Recontro em Mofatra
«(…) Acaso duvidais da promessa do anafado Pais?, indagou o
primeiro. Nem os da minha casa eu afianço..., quanto mais subornos do perro
abade - respondeu desabridamente o desdentado. Não vos amofineis. Dar-lhe-emos
o que pediu, nem que seja o crânio de um vilão ébrio, sossegou-o o homem cheio
de cicatrizes. Vamos é acabar com a barrica desta mistela que tendes na caneca,
convidou. Enchei-me a caneca, barregã, vociferou outro, à passagem de Gilda. Os
clientes habituais da estalagem já conheciam o estratagema da rapariga para
controlar situações em que o excesso de bebida toldava o discernimento dos
comensais. Se não assumissem que o vinho havia acabado, a rapariga recorreria a
uma moca de grande dimensão, fatal se dirigida ao crânio mais duro dos mortais.
Então, essa zurrapa vem ou não?, insistia o torpe, limpando um fio de sangue
que lhe escorria da testa. Gilda aproximou-se do grupo e dirigiu-se ao homem.
Já tendes o pouco que sobeja, informou. Por hoje, ficai com o que ainda vos
dança na caneca. Esgotámos o vinho das barricas, desculpou-se a rapariga. Quereis
mais pão?
Enquanto tentava serenar as exigências do grupo, Gilda
reparou que o lugar no estrado estava agora ocupado por uma personagem que não
identificou.
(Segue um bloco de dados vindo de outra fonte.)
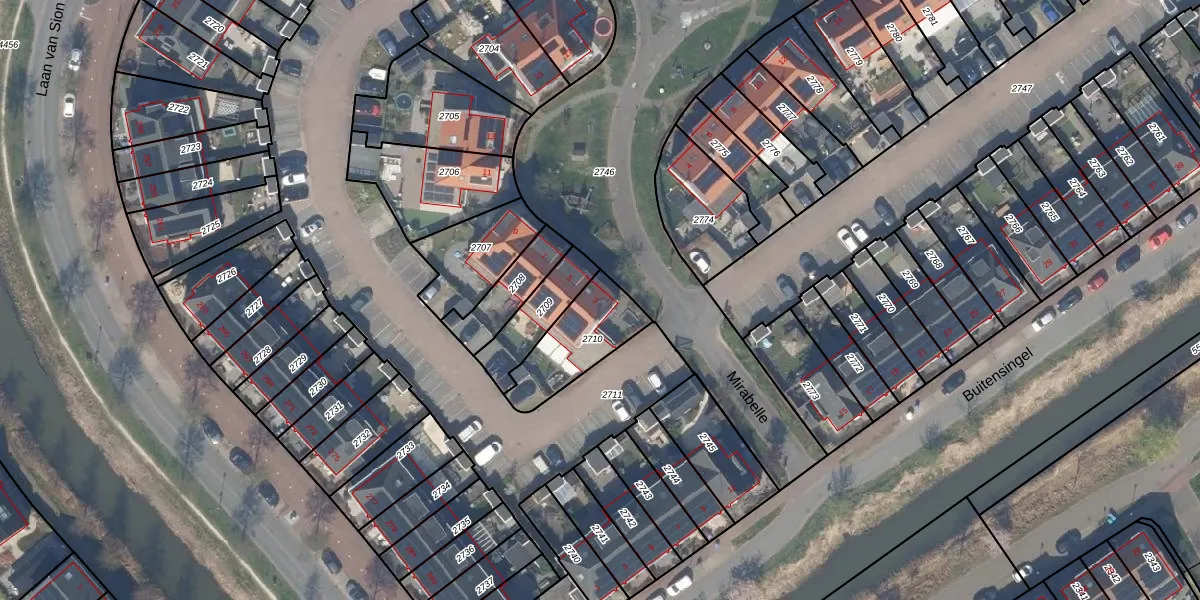 Gebruik de zoekbalk of klik op een perceel voor informatie over de adressen binnen dit perceel.
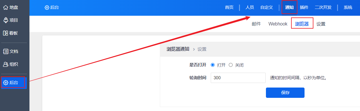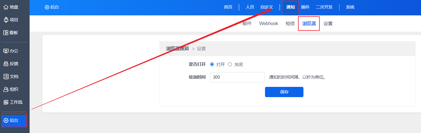 点击“后台”-“通知”-“浏览器”。如果没有显示浏览器通知设置,需要联系管理员到组织--权限里分配浏览器设置的权限。
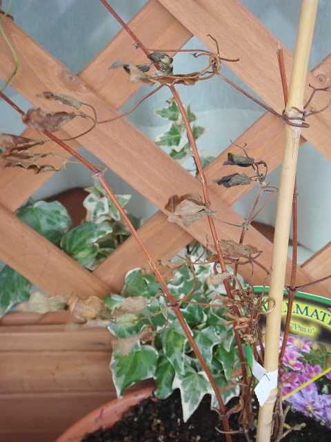 クレマチスの新芽や葉もぼろぼろになって、テッセン(かたい茎)だけになってしまいました。秋にまた咲くのを楽しみにしていたのですが、復活してくれるでしょうか。

Inclinou-se para ver melhor mas, de súbito, uma valente palmada no
rabo fê-la cair sobre a mesa e entornar uma das canecas num um dos homens. Este
disse de imediato: porca serviçal! O pouco que nos dás derrama-lo sobre mim?! Gilda
não deu grande importância à observação, habituada que estava a desmandos semelhantes
e frequentes. Contudo, assustou-se, ao ver crescer o homem para si, em atitude
ameaçadora. Ainda tentou recuar até, ao local onde guardava a famigerada moca,
mas não pôde avançar. O homem agarrou-a com uma mão e levantou a outra bem alto,
com intenção de lhe bater. Em vão. A personagem que, antes, ocupava o estrado,
estava diante do outro, desafiando-lhe o intento.
Era
Bernardo, eivado de uma vontade fulminante de justiçar a afronta. Um instante
de hesitação e o hirsuto caía no chão, atingido por uma manápula em plena
glote. Gilda esquivou-se e correu a buscar a moca. Não contou, todavia, com um
dos companheiros do desgraçado que, com um murro certeiro, a estirou no balcão.
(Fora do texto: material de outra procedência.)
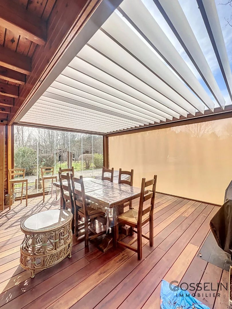 Une grande pergola bioclimatique de plus de 30 m² avec une terrasse en bois exotique invite à profiter pleinement de cet environnement apaisant.
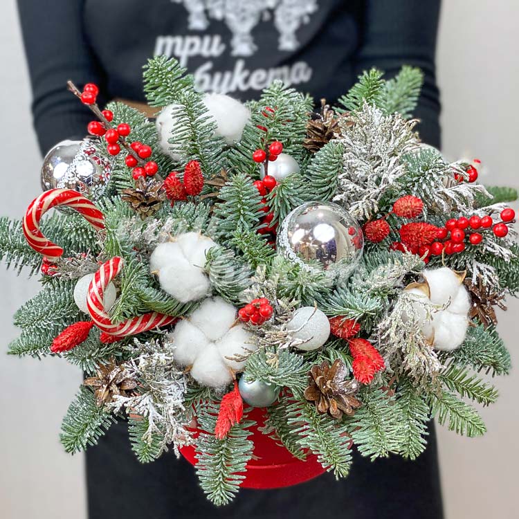 Леденцы и елочные игрушки в коробке

Os outros não tardaram a reagir. O homem coberto de cicatrizes pulou para a mesa
mas, nesse preciso momento, sentiu um forte soco entre as ancas e caiu, contorcendo-se
com dores. Outro, pequeno e esquivo, conseguiu agarrar a luva do opositor.
Porém, não mais do que isso. Mal o fez, um punho férreo esborrachou-lhe o nariz,
torcido em jorros de sangue. Os dois restantes já tinham os punhais em riste, frente
ao misterioso agressor que, encostado a uma parede, sulcava com o olhar o local
que o rodeava. Num ápice, desapareceu da vista dos dois homens. Embasbacados, gelaram
de dúvida. No instante seguinte, o esquivo oponente estava nas suas costas, martelando-lhes
os pescoços com dois valentes muros. Mais dois recuperavam, agarrando a pesada
mesa que empurraram na direcção de Bernardo, entalando-o. Entretanto, Fernando entrou
na liça, prostrando um dos agressores com uma pancada certeira no crânio.
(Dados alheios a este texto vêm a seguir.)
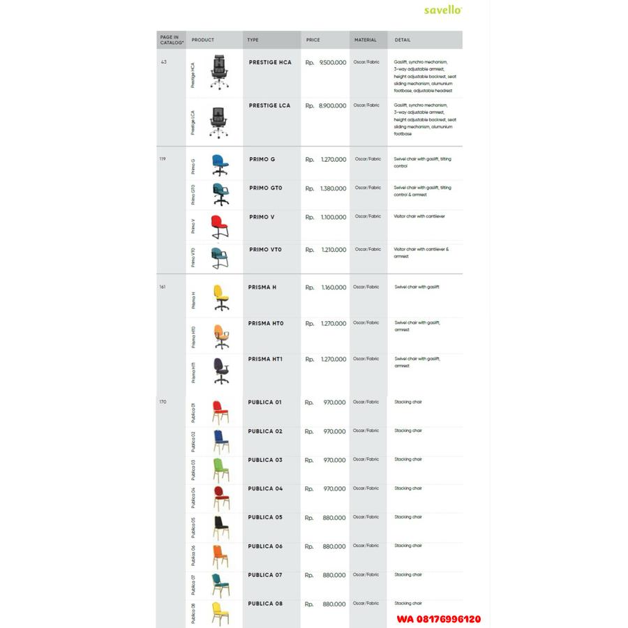 Kursi Kantor Savello PRESTIGE HCA LCA, PRIMO G GTO V VTO, PRISMA H HTO HT1, PUBLICA 01 02 03 04 05 06 07 08
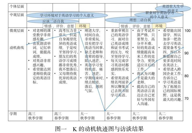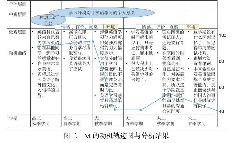 从图一看,K在高三阶段英语学习动机一直处于一个很高的水平,并到达顶峰,进入大一第一学期后动机突然大幅度下降,到达最低点,大一第二学期后缓缓回升,到大二第二学期末(调查结束阶段),动机回到相对的高点,轨迹呈现出非线性波动变化。结合访谈结果可知,在高三阶段,K对学习英语的情感态度是持有积极态度的,他反馈到“英语老师的课堂教学非常有趣(情感、评价),对英语非常感兴趣(情感)。”同时“朋友们的英语学习成绩都非常优秀,自己不想落后(环境、愿景);父母期待自己上好的大学(环境),因此更加渴望优异的英语成绩(愿景)。”由此看得,在多种的因素的共同作用下,使K在高三阶段产生强大的动机流,并使其动机产生强烈的吸态。进入大一后,“不把学习英语当回事,感到迷茫、痛苦、焦虑、气馁(情感)”因此,消极意愿对二语动机水平产生较大的影响。随后,“因各种考试的压力(环境),出国留学的愿望(愿景),提高英语语言表达以便与外国友人更好地沟通、提高未来工作的竞争力、只要愿意努力高分并不难、兴趣才是最大的老师(认知、评价)”等认知的改变,证明K正通过一系列的心理调节去适应新的学习环境,同时也打开了自我激励系统,在新的环境中主动调节二语行为。K多次反复强调“他一直对外语有较高的要求,希望毕业后能在跨国企业工作。”为此从大一下学期后他经常去图书馆自主学习。在最后一次访谈中,他提到“我要努力提高自己的英语成绩,不能像大一那样的颓废。”可见理想二语自我在不断引导K的二语学习行为,同时职业愿景产生强大的推力,在此状态下,K很可能把学习英语作为其人生发展的重要部分。

Mas a investida ficou por ali. Lento
de movimentos, não conseguiu fugir de uma cotovelada em cheio na cara, que o derrubou
de imediato. Do outro lado da mesa, Bernardo estava entalado e mirava pelo
canto do olho uma luminária de barro facilmente alcançável. Encolheu os ombros e
levantou os braços em sinal de aparente rendição. Um dos homens largou a mesa. Subitamente,
a luminária voou na direcção da sua cara. Pouco depois, o homem cambaleava,
levava a mão aos olhos e gritava de dor. Bernardo empurrou a mesa e, como se de
um aríete se tratasse, arrastou o outro contra o balaústre do estrado. O homem arregalou
os olhos e, com um grito lancinante, desfaleceu com as pernas partidas. Já um punhal
voava na direcção de Bernardo que, num esforço sobre-humano, saltou o corrimão e
caiu em cima de uma mesa. Na sala, apenas rugiam imprecações e estremeciam feridos.
Os aldeãos haviam desaparecido». In Carlos Cordeiro, O Livro de
Cale, O Monge Negro, 1060-1089, Publicações Europa-América 2010, ISBN 978-972-1-06140-8.